## Activity:
Only these lines of the data below are wanted: the one with "- [10194273]V7 1典藏", the one with "同学们在充分学习了解五四青年节的历史背景后,以诗歌的形式写下自己的感悟。", and any lines between them, each repeated exactly.
╭─ Material provided
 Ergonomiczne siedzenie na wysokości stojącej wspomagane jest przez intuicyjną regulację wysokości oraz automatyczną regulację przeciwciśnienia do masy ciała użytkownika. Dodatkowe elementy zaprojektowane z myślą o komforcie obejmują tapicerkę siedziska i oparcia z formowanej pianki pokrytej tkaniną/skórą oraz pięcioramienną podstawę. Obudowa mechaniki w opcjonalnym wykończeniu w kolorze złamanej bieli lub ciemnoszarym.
╰─
╭─ Material provided
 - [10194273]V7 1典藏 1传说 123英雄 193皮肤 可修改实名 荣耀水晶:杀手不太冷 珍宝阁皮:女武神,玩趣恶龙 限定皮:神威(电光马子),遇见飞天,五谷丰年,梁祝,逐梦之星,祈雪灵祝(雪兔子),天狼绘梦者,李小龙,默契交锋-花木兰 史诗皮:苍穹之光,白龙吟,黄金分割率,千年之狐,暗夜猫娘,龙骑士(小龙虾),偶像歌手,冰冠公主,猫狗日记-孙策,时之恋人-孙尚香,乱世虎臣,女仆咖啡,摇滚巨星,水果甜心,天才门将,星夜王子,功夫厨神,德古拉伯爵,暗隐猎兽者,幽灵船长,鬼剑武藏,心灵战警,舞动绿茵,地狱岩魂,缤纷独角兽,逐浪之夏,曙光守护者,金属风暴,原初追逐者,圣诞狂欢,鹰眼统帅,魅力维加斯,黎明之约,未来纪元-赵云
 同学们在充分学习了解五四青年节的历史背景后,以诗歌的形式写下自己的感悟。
╰─
## Response box:
 - [10194273]V7 1典藏 1传说 123英雄 193皮肤 可修改实名 荣耀水晶:杀手不太冷 珍宝阁皮:女武神,玩趣恶龙 限定皮:神威(电光马子),遇见飞天,五谷丰年,梁祝,逐梦之星,祈雪灵祝(雪兔子),天狼绘梦者,李小龙,默契交锋-花木兰 史诗皮:苍穹之光,白龙吟,黄金分割率,千年之狐,暗夜猫娘,龙骑士(小龙虾),偶像歌手,冰冠公主,猫狗日记-孙策,时之恋人-孙尚香,乱世虎臣,女仆咖啡,摇滚巨星,水果甜心,天才门将,星夜王子,功夫厨神,德古拉伯爵,暗隐猎兽者,幽灵船长,鬼剑武藏,心灵战警,舞动绿茵,地狱岩魂,缤纷独角兽,逐浪之夏,曙光守护者,金属风暴,原初追逐者,圣诞狂欢,鹰眼统帅,魅力维加斯,黎明之约,未来纪元-赵云
 同学们在充分学习了解五四青年节的历史背景后,以诗歌的形式写下自己的感悟。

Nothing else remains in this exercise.